The families of 19 children who were killed in the Uvalde school shooting two years ago announced a lawsuit on Wednesday against the Texas Department of Public Safety and 92 police officers involved in the botched shooting response, as well as a $2 million settlement with the city.
The lawsuit seeks to hold the Uvalde officials and troopers accountable for waiting 77 minutes before engaging the 18-year-old active shooter inside Robb Elementary School. In addition to the 92 named police officers, the Uvalde School District, former Robb Elementary School principal Mandy Gutierrez, and former Uvalde School District police chief Peter Arredondo are listed as defendants.
“Nearly 100 officers from the Texas Department of Public Safety have yet to face a shred of accountability for cowering in fear while my daughter and nephew bled to death in their classroom,” said Veronica Luevanos, whose daughter Jailah and nephew Jayce were killed.

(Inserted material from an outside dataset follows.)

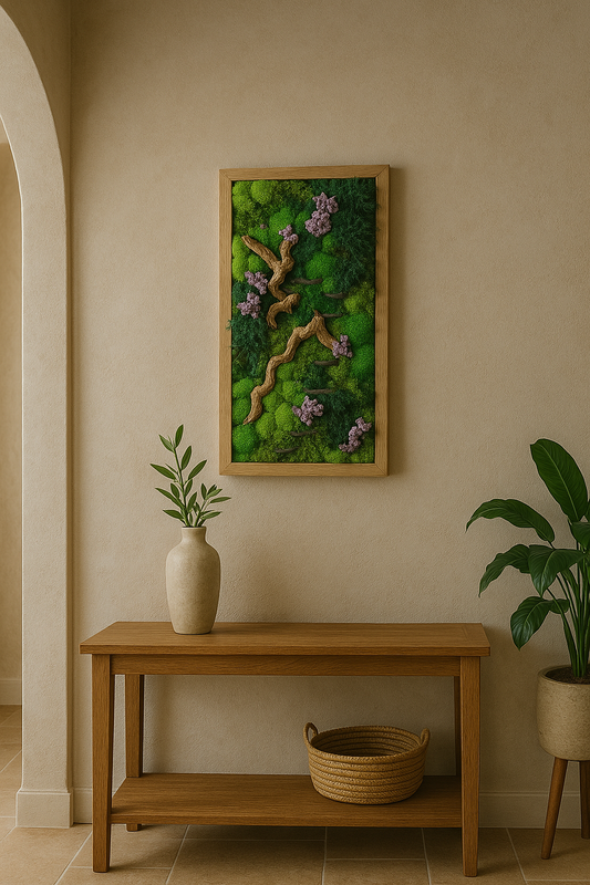 Explore our custom driftwood collection, which combines the natural beauty of preserved moss with the raw textures of reclaimed driftwood. Each piece of this moss wall art feels both organic and timeless, highlighting the unique character of the wood and the lushness of the moss to bring warmth and authenticity into your space.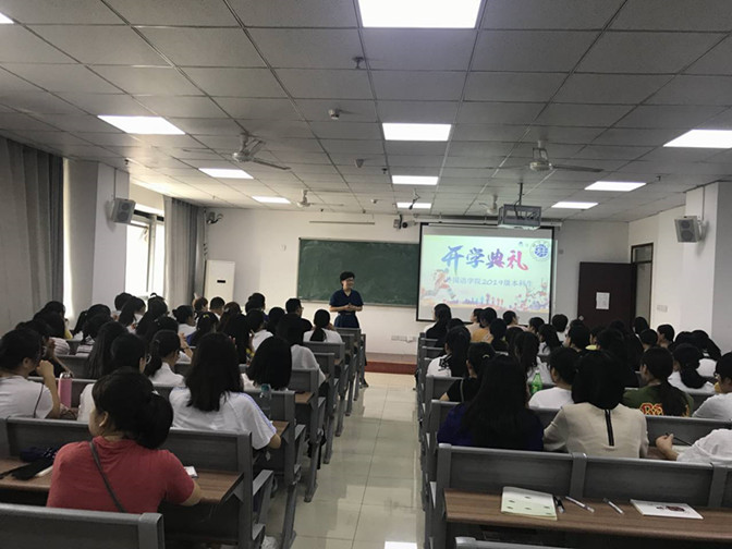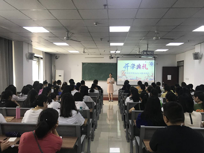 朗朗金秋,丹桂飘香。9月9日上午,太阳集团tyc539MACAU2019级新生开学典礼在综合楼F教学区201室隆重举行。院党总支书记赵睿、院长赵生学、副院长卢洁、团总支副书记王秀梅、辅导员老师杨小云出席此次开学典礼。典礼由学院党总支秘书吴婷婷主持。

Moreover, the city of Uvalde will pay $2 million to the victims’ families as part of a settlement that includes multiple stipulations such as improved training for current and future police officers to prevent a similar tragedy from occurring again.
The announcement comes two days before the two-year anniversary of the shooting, which was the deadliest in the state’s history. As part of the settlement, Uvalde will establish May 24 as an annual day of remembrance for the 19 students and two teachers who died that day in 2022 and create a permanent memorial at the city plaza.
“For two long years, we have languished in pain and without any accountability from the law enforcement agencies and officers who allowed our families to be destroyed that day,” Luevanos added. “This settlement reflects a first good faith effort, particularly by the City of Uvalde, to begin rebuilding trust in the systems that failed to protect us.”
The families pursued legal action after the Department of Justice released a 610-page report in January on the failed police response to the mass shooting. The report documented the “cascading failures of leadership, decision-making, tactics, policy, and training” that day.
For instance, law enforcement ran toward the sound of gunfire in the school but then stopped outside two adjacent classrooms before killing the shooter. Officers then proceeded to wait for a SWAT team before breaching the classroom doors.
The mass-casualty incident, as the Department of Justice called it, is widely known for local and state officials’ inaccurate assessment of the situation, which Arredondo initially described as a “barricaded suspect” operation rather than an “active shooter” scenario, affecting how first responders acted. Arredondo was fired in August 2022 after a separate investigative report, published by the Texas house the month before, found similar missteps made by 376 law-enforcement officers at the scene.